I started to learn R/RStudio and run into a dead end with nested ANOVA. With an example dataset provided for a textbook (3 columns, 24 lines: soil type clay/sandy, pot 1-8, seedweight 3 times) I run the analysis to get the described outcome.
chap11
# A tibble: 24 × 3
Soil Pot Seedweight
<chr> <chr> <dbl>
1 sandy pot1 6.15
2 sandy pot1 6.87
3 sandy pot1 6.23
4 sandy pot2 5.46
5 sandy pot2 5.9
6 sandy pot2 5.31
7 sandy pot3 6.85
8 sandy pot3 6.99
9 sandy pot3 6.05
10 sandy pot4 5.34
# … with 14 more rows
# ℹ Use `print(n = ...)` to see more rows
summary(aov(Seedweight ~ Soil + Error(Pot), data = chap11)
Error: Pot
Df Sum Sq Mean Sq F value Pr(>F)
Soil 1 11.371 11.371 8.993 0.024 *
Residuals 6 7.587 1.264
---
Signif. codes: 0 ‘***’ 0.001 ‘**’ 0.01 ‘*’ 0.05 ‘.’ 0.1 ‘ ’ 1
Error: Within
Df Sum Sq Mean Sq F value Pr(>F)
Residuals 16 2.826 0.1766
The outcome is identical to the one described in the textbook.

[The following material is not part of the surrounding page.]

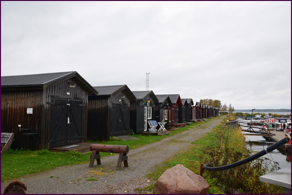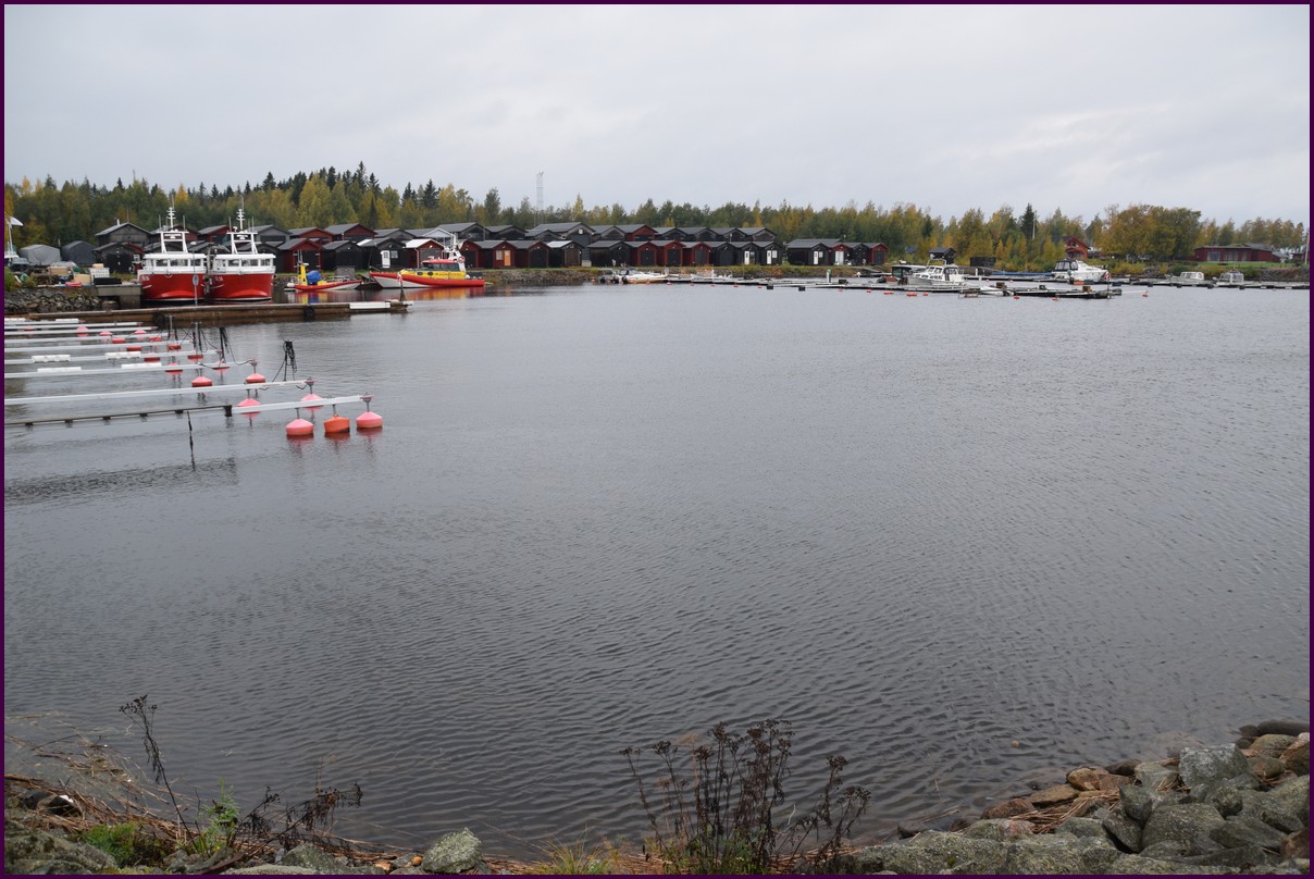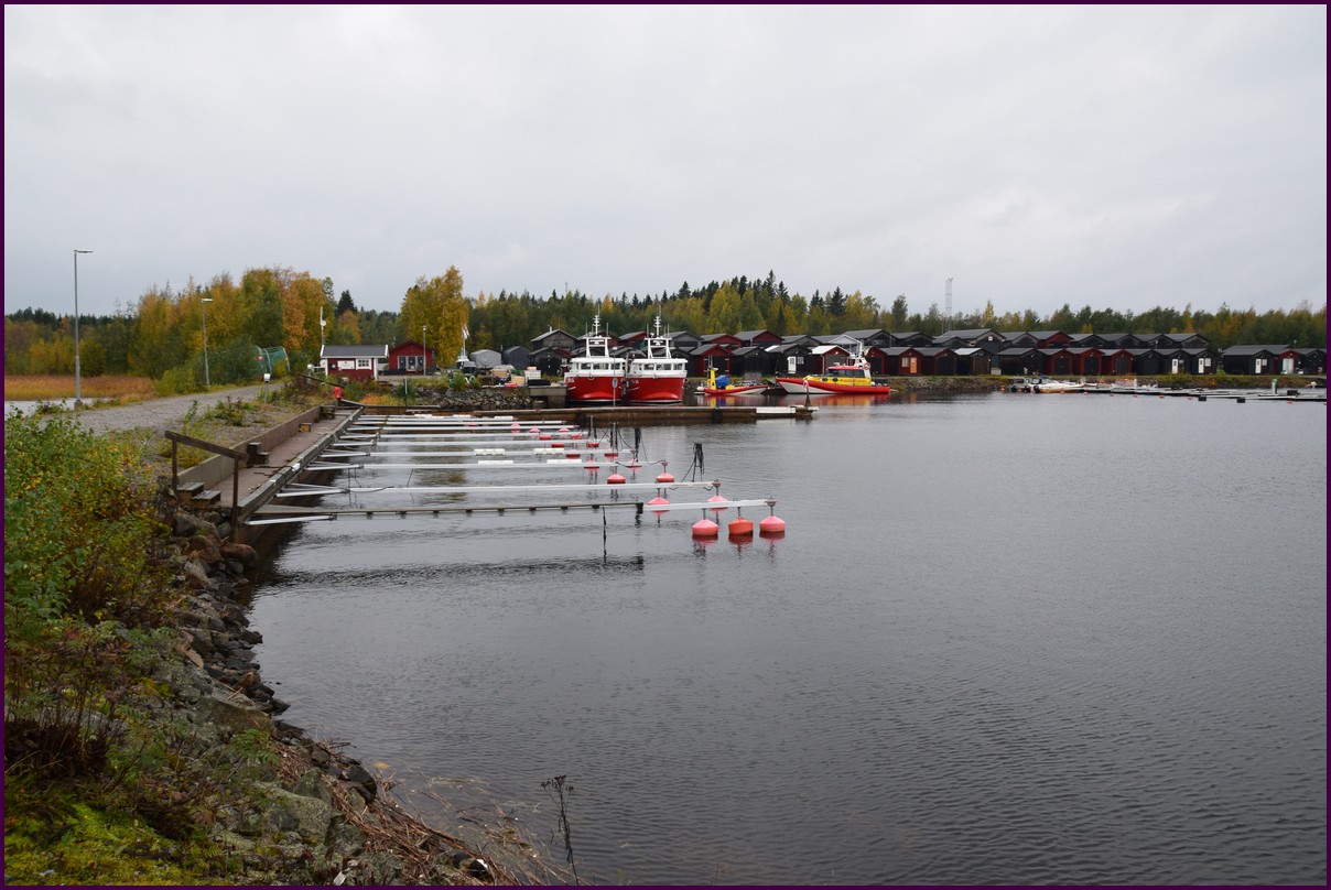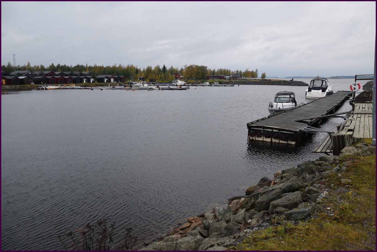 Ce matin la métèo est toujours aussi mauvaise, nous décidons de changer de place en espèrant un peu de ciel bleu. Peine perdu c'est encore une journéee pourrie limite tempête, nous nous réfugions dans une marina au bord du golfe de Botnie, c'est jolie comme tout avec plein de petite cabane alignée au bord de l'eau, se sont des petites résidences à une pièce très bien amménagées pour certaines, et de l'autre coté de grand hangar, dans lesquels sont stationnés de beau bateau de plaisance. Sur tous les batiment sont accrochées des pelles à neige et même sur certains des skis. La nuit tombe vite nous nous réfugions au chaud dans le camping-car.

Now I took that as a template for my own data: 6 cell types (Bunky, i. e. soil type), 3 biological replicates (Opakovani, i. e. Pots; HOWEVER, while Pots are labeled as Pot1-Pot8, in my case I used Op1-Op3 for each cell type [cell_type1:rep1-rep3; cell_type2:rep1-rep3 etc.]), 10,000 measurements each replicate (ROS, i e. seedweight); in total, I have 3 columns and 180,000 lines.
Q: Would the repeated labelling (Rep1-Rep2-Rep3; Rep1-Rep2-Rep3; ...) lead to problems further down the text?

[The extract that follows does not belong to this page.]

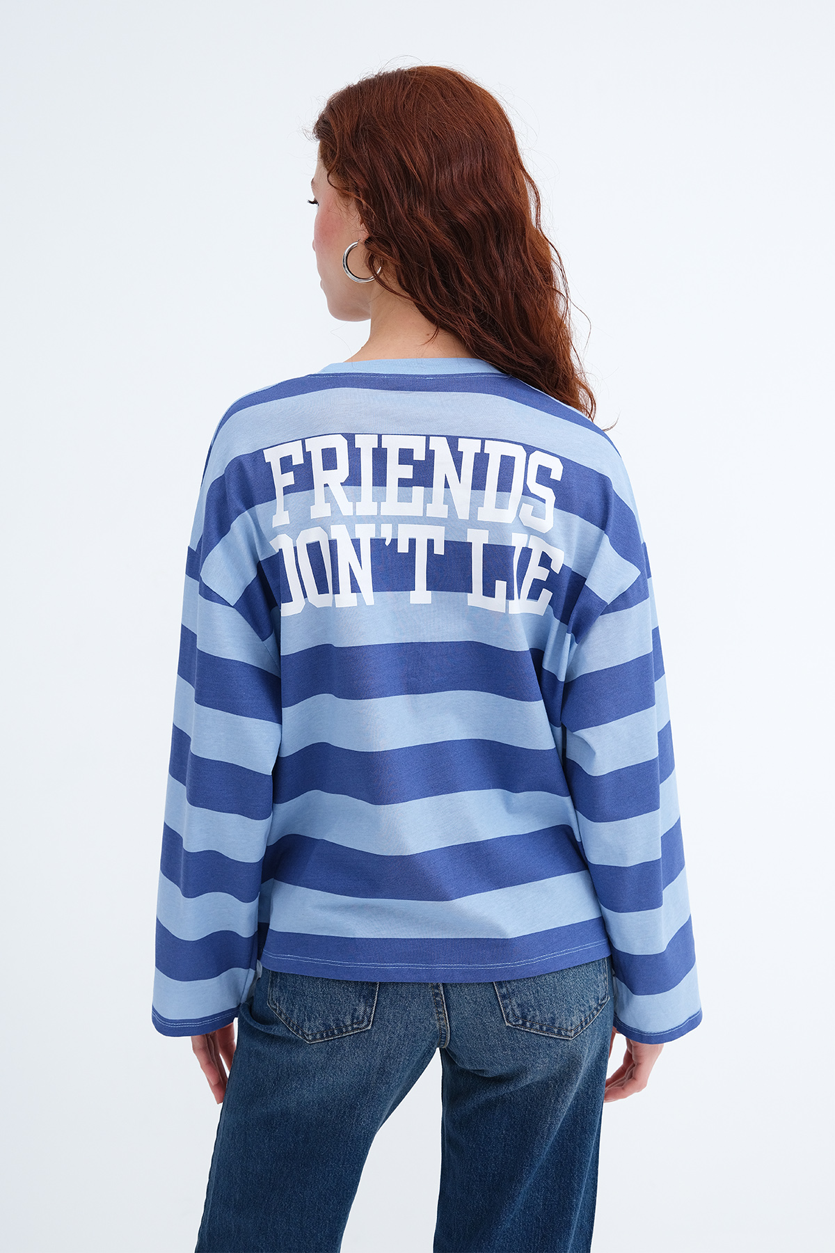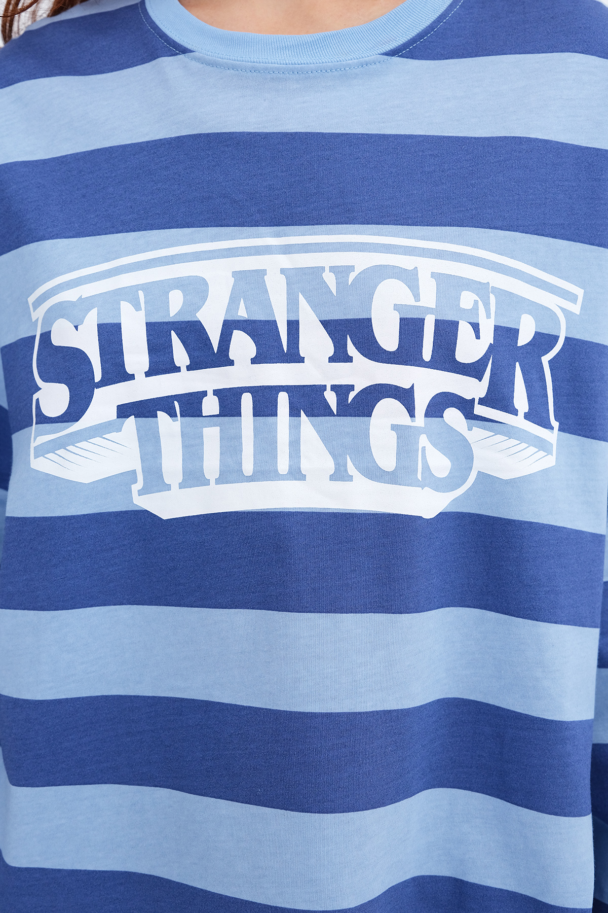 * Çizgili, baskılı, rahat kalıp t-shirt,

With these data I get this result.
vysledek <- aov(ROS ~ Bunky + Error(Opakovani), data = reactive_ox_sp)
> vysledek
Call:
aov(formula = ROS ~ Bunky + Error(Opakovani), data = reactive_ox_sp)
Grand Mean: 11957.78
Stratum 1: Opakovani
Terms:
Residuals
Sum of Squares 144768444519
Deg. of Freedom 2
Residual standard error: 269043.2
Stratum 2: Within
Terms:
Bunky Residuals
Sum of Squares 2.314279e+11 8.642780e+12
Deg. of Freedom 5 179992
Residual standard error: 6929.472
Estimated effects may be unbalanced
> summary(vysledek)
Error: Opakovani
Df Sum Sq Mean Sq F value Pr(>F)
Residuals 2 1.448e+11 7.238e+10
Error: Within
Df Sum Sq Mean Sq F value Pr(>F)
Bunky 5 2.314e+11 4.629e+10 963.9 <2e-16 ***
Residuals 179992 8.643e+12 4.802e+07
---
Signif. codes: 0 ‘***’ 0.001 ‘**’ 0.01 ‘*’ 0.05 ‘.’ 0.1 ‘ ’ 1
Q1: Why is there not anything about the factor Bunky on the first line? Why are there only Residuals mentioned and not any F-test and P-value?

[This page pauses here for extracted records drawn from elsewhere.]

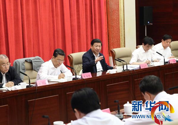 9月23日至25日,中共中央總書記、國家主席、中央軍委主席習近平到黨的群眾路線教育實踐活動聯(lián)系省河北,全程參加并指導省委常委班子專題民主生活會。這是23日上午,習近平聽取中央督導組關于河北省委教育實踐活動情況匯報。新華社記者蘭紅光攝
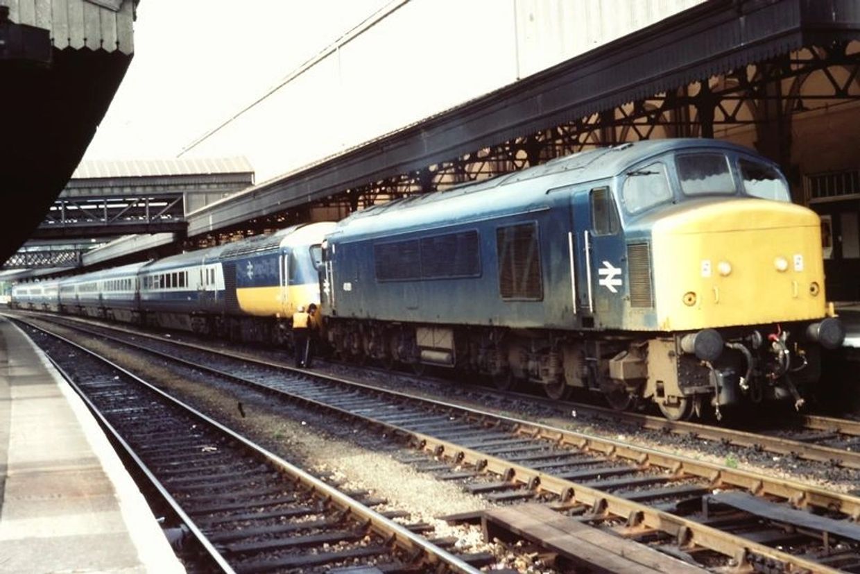 1981. A Peak being pressed into unexpected passenger action at Exeter St Davids on 29/04/1981. The 1525 Paddington - Penzance HST set was in trouble and assistance needed providing in the form of 45 051.
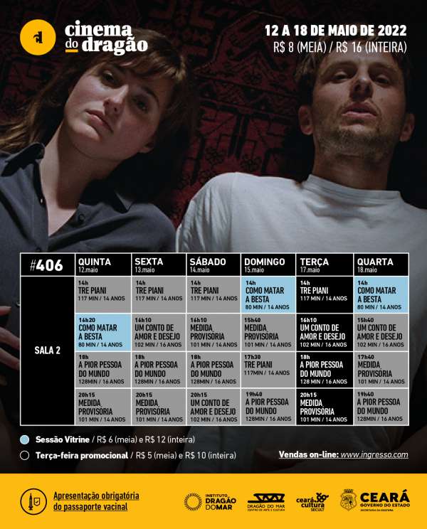 A grade inclui ainda quatro títulos. ‘Um Conto de Amor e Desejo’ (Leyla Bouzid), melhor filme no Festival Du Film Francophone D’Angoulême 2021; a distopia realista brasileira ‘Medida Provisória’ (Lázaro Ramos); e o drama familiar do diretor Nanni Moretti, ‘Tre Piani’ compõem a grade regular, com ingressos a R$ 8 (meia) e R$ 16 (inteira). Também integra a programação ‘Como Matar a Besta’ (Agustina San Martín), estreia da Sessão Vitrine 2022, com valores reduzidos de R$ 6,00 (meia) e R$12,00 (inteira). A compra dos bilhetes pode ser efetuada na bilheteria física do Cinema e no site Ingresso.Com (www.ingresso.com/cinema/cinema-do-dragao).

Q2: DFs puzzles me. They look like n-1 (cell types [Bunky] 6-1, biological replikates [Opakovani] 3-1)...
Moreover, if I quit RStudio and run it again, from time to time I get results like this:
Error: fopakovani
Df Sum Sq Mean Sq F value Pr(>F)
fbunky 1 2.064e+10 2.064e+10 0.166 0.754
Residuals 1 1.242e+11 1.242e+11
Error: Within
Df Sum Sq Mean Sq F value Pr(>F)
fbunky 5 2.315e+11 4.630e+10 964.4 <2e-16 ***
Residuals 179989 8.642e+12 4.801e+07
This time the DF = 1 looks like there is problem with the factor Bunky - like for some reason there are only two groups instead of 6...? I tried to scale down the data taking only 1,000 observations instead of 10,000 and resulted in a new "error" message: 3 out of 5 effects not estimable. Now this would explain DF = 1.
Q3: Could this happen even with 10,000 obsevations but for some reason is not reported?
PS: Later on, I calculated the nested ANOVA with lmer. However, the mystery of aov() not "working" remains...
Edit: I revised the example data...and find a mistake in number of pots. Edited the text accordingly.
Edit2: Found one more difference in data labeling (Pots1 to 8 vs. six times Replicate1 to 3). Edited the text accordingly.